- Carlyle’s David Rubenstein sees past debt ceiling showdown
- Exec doesn’t expect tax on carried interest any time soon
- KKR’s Alexander Navab sees further U.S. recovery
Speaking to more than 500 private equity pros attending the annual Dow Jones Private Equity Analysts Conference at the Waldorf Astoria Hotel in New York, David Rubenstein, co-CEO of Carlyle Group, said Congress is currently engaged in a “game of chicken” over the debt ceiling and a government shutdown, but predicted that the issue will be resolved.
“There’s no political benefit for a shutdown,” he said. The U.S. will also avoid the drama that took place in 2011, when Standard & Poor’s downgraded U.S. debt by removing Uncle Sam from its roster of risk-free borrowers for the first time.
Rubenstein said he doesn’t expect the introduction of taxation on carried interest in the near future, but it could be included in tax reform legislation over the next several years.
The executive said he believes there is opportunity for private equity firms to receive fund investments from non-accredited investors, possibly through options in their 401(K)plans. Currently, KKR offers publicly-traded units, but only accredited investors with more than $1 million in net worth are allowed to invest in private equity funds. Not offering these options to retail investors “is unfair for the people who need a higher rate of return” to generate retirement savings, he said. Rubenstein did not specify any possible timetable for the effort.
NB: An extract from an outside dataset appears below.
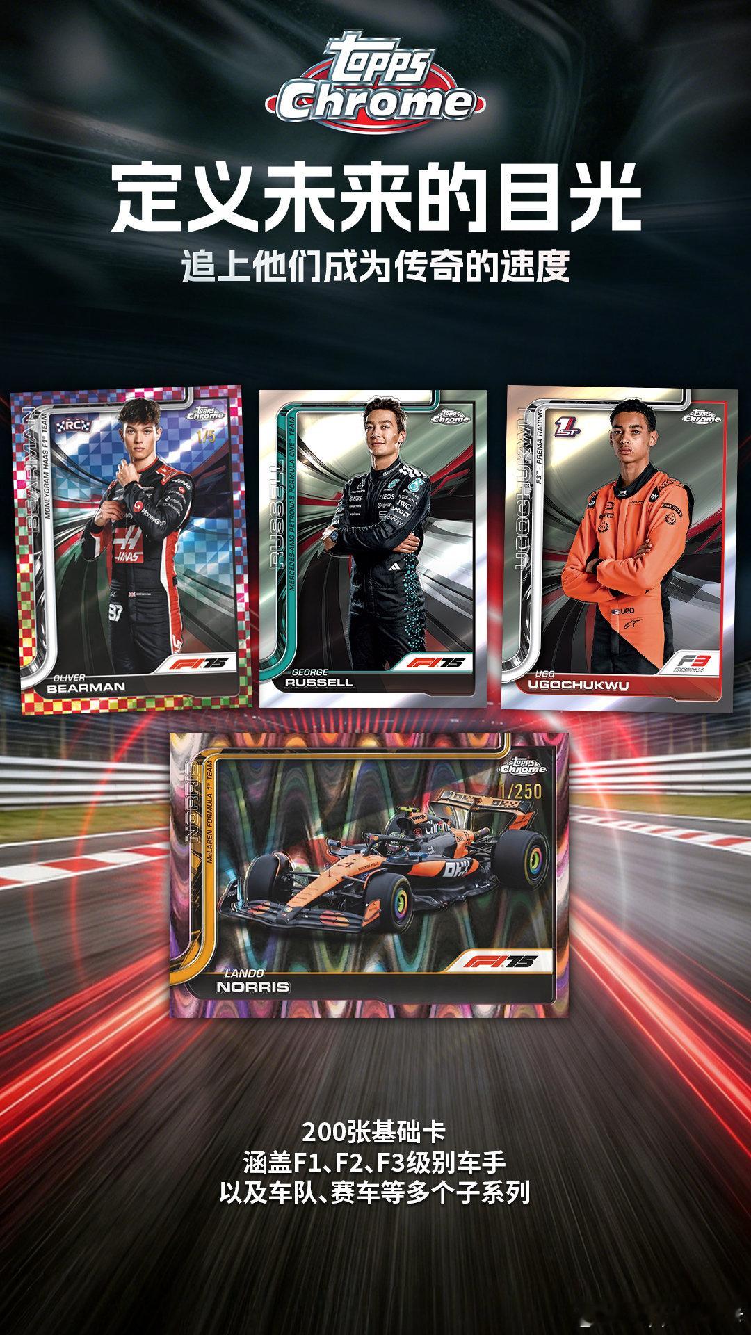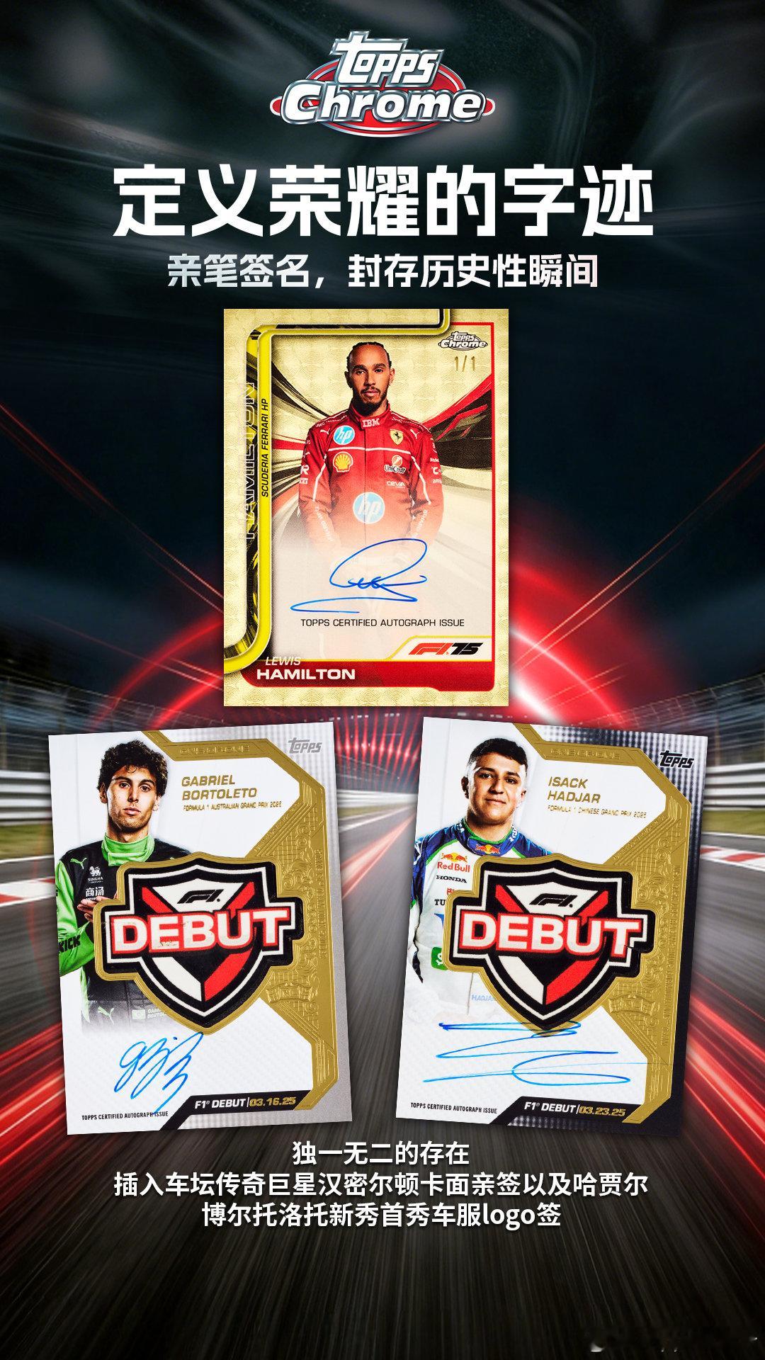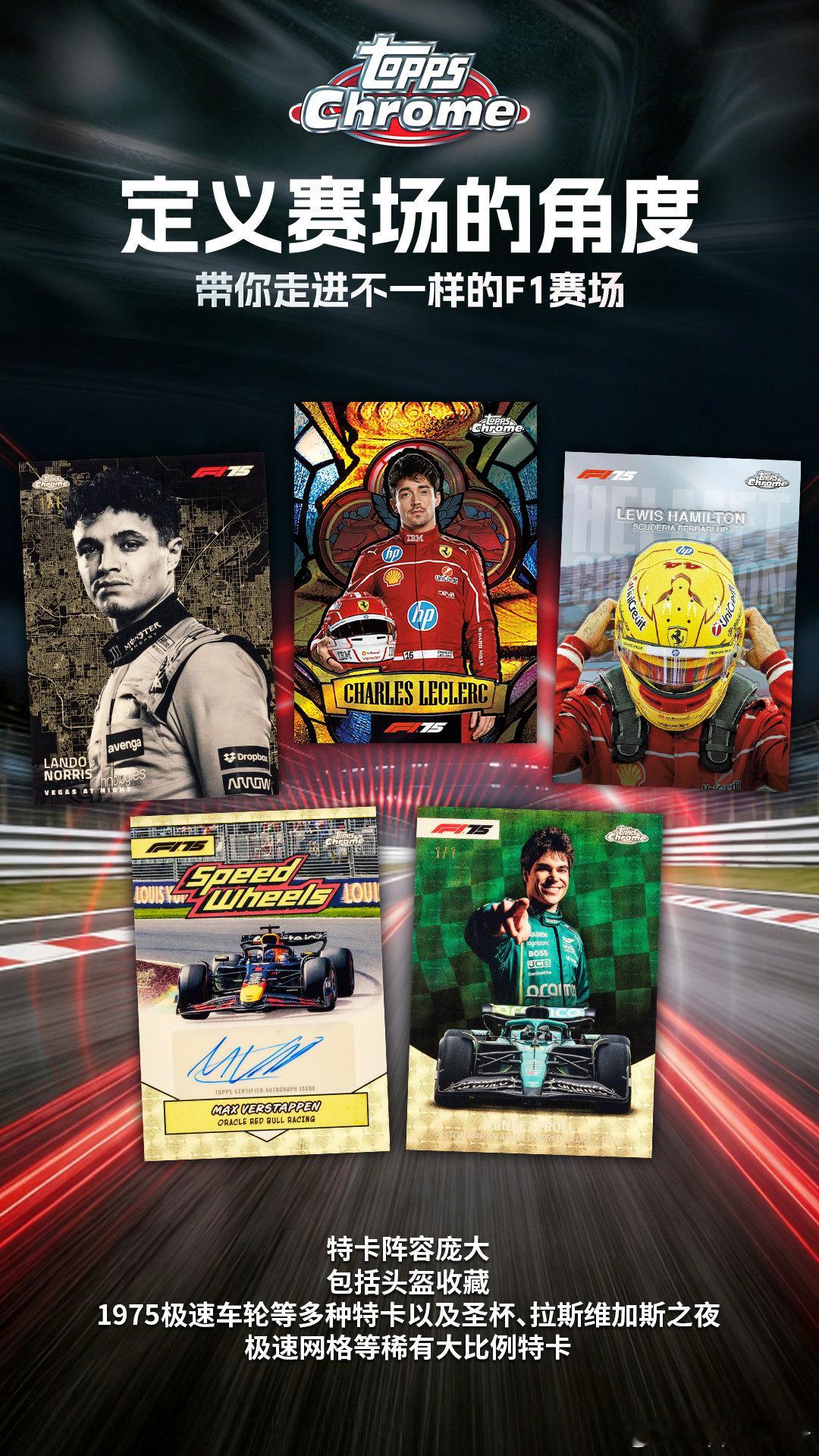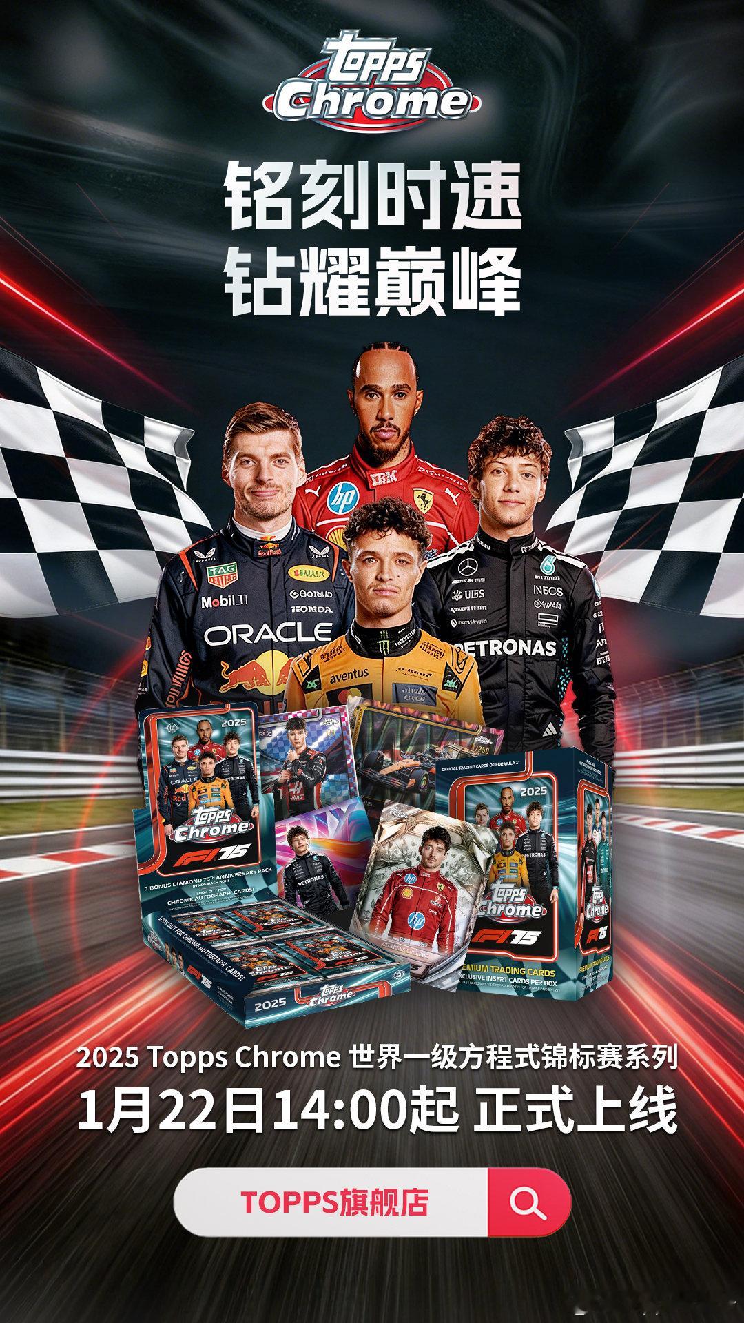 【铭刻时速,钻耀巅峰】2025 Topps Chrome F1系列,正式上线!点燃引擎,急速前行,重新定义“珍藏”的意义。💎钻石,铭刻75载轰鸣不只是收藏,更是致敬。每盒Hobby版将附赠75周年专属纪念包,包含4张钻石纪念卡,还有机会拆出钻石实物卡。👑传奇与未来,在此一举庞大的新秀阵容名单,网罗F1、F2以及F3各级别车手,包括传奇车手、车队、赛车等多种子系列。✍️独一无二,缔结浪漫连结与七冠王汉密尔顿的卡面亲签相遇,触摸新秀哈贾尔与博尔托洛托的首秀勋章签字卡,这些独一无二的瞬间,等你来发现。🎨多维视角,看见不一样的F1赛场经典的「头盔收藏」、全新的「1975极速之轮」以及「拉斯维加斯之夜」等多种特卡带你全方位看F1,更有圣杯特卡收藏玩法上线。⏰1月22日14:00上TOPPS旗舰店,开启你的指尖赛道!Topps F1 ToppsChromeF1系列

Meanwhile, Kohlberg Kravis Roberts & Co’s Alex Navab said the firm’s $3.9 billion July 30 deal to take compressor and pump manufacturer Gardner Denver private reflects the firm’s expectation of sustained GDP growth.
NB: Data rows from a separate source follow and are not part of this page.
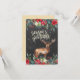 Joyeux script de typographie brossée à la crème Happy Holidays et un renne aquarelle peint à la main contre un arrière - plan en damier gris foncé avec bordures florales hivernales avec roses de pivoines rouges et blanches, poinsettia et feuillage saisonnier, pinecones et boughs de pin faisant une rustique merveilleuse campagne moderne vacances d'hiver / carte de voeux de Noël. ++++++++++++ Personnalisez-le avec votre texte et votre signature à l'envers ! +++++++++++++ Convient pour les envois saisonniers en famille, en entreprise ou à des particuliers.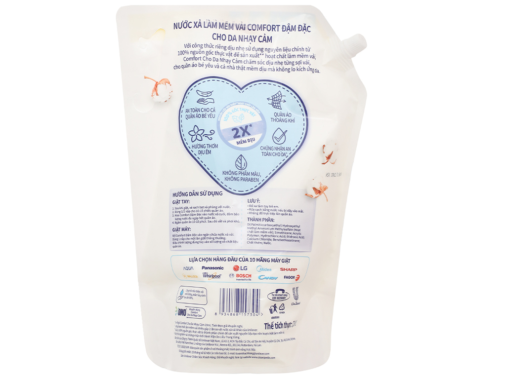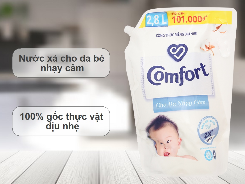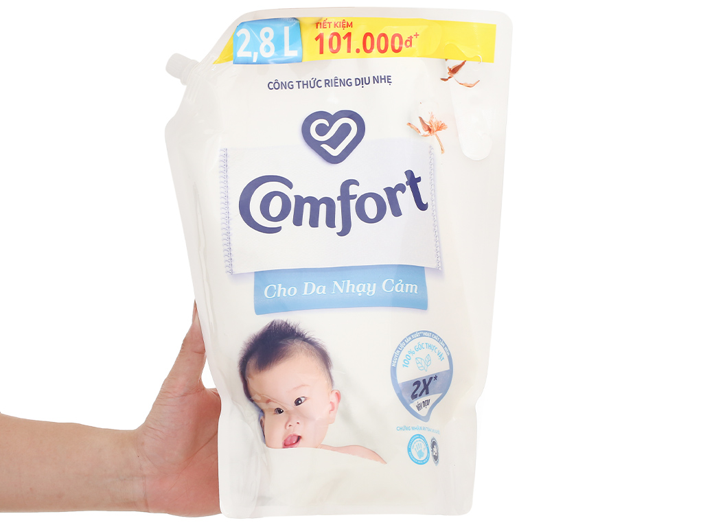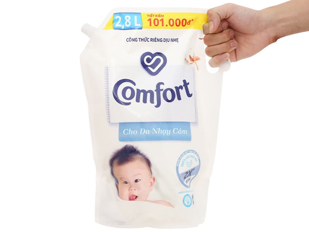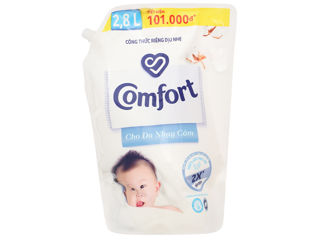 Nước xả mềm vải Comfort cho da nhạy cảm với công thức dịu nhẹ cho quần áo em bé túi 2.8 lít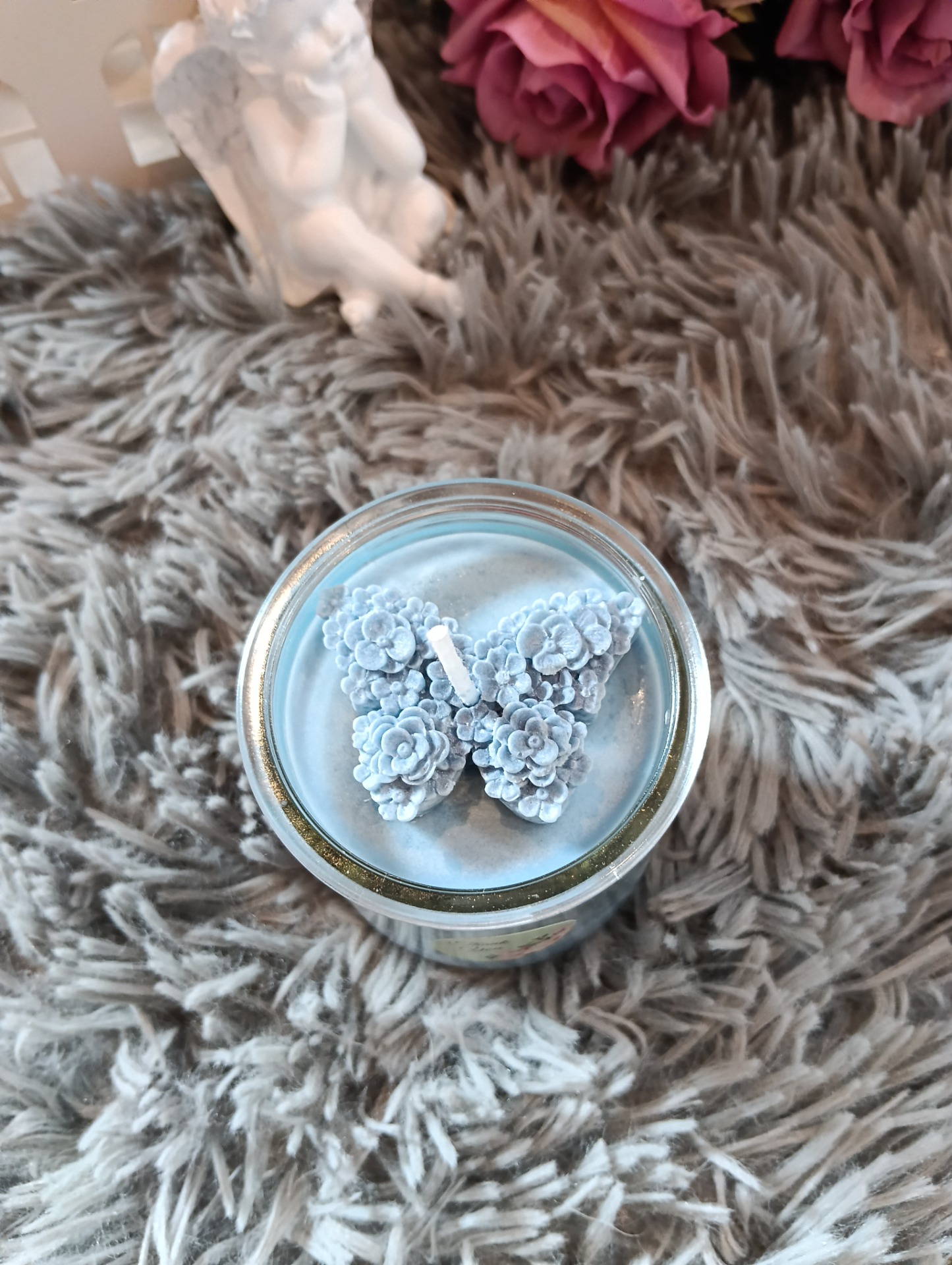 Sójová svíčka ve skle - modrá - motýl

“The recovery has further to go,” said Navab, member and co-head, Americas private equity, for KKR. “We see several years of growth left in the U.S. economy.”
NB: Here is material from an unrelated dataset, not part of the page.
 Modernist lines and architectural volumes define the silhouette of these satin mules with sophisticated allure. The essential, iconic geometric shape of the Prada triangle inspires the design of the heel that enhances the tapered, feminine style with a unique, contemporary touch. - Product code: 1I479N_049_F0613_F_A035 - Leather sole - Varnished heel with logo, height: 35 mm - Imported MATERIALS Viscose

Unlike the peak buyout boom of 2007-2008, debt levels are generally lower and valuations, while higher than recent years, remain reasonable, especially if business growth continues as expected, he said. If you’re creative, you can find deals, he said.
KKR paid about 8x EBITDA for Gardner Denver. The company gives KKR the opportunity to benefit from increased economic activity, operational improvements and a long-term horizon for improvements, he said.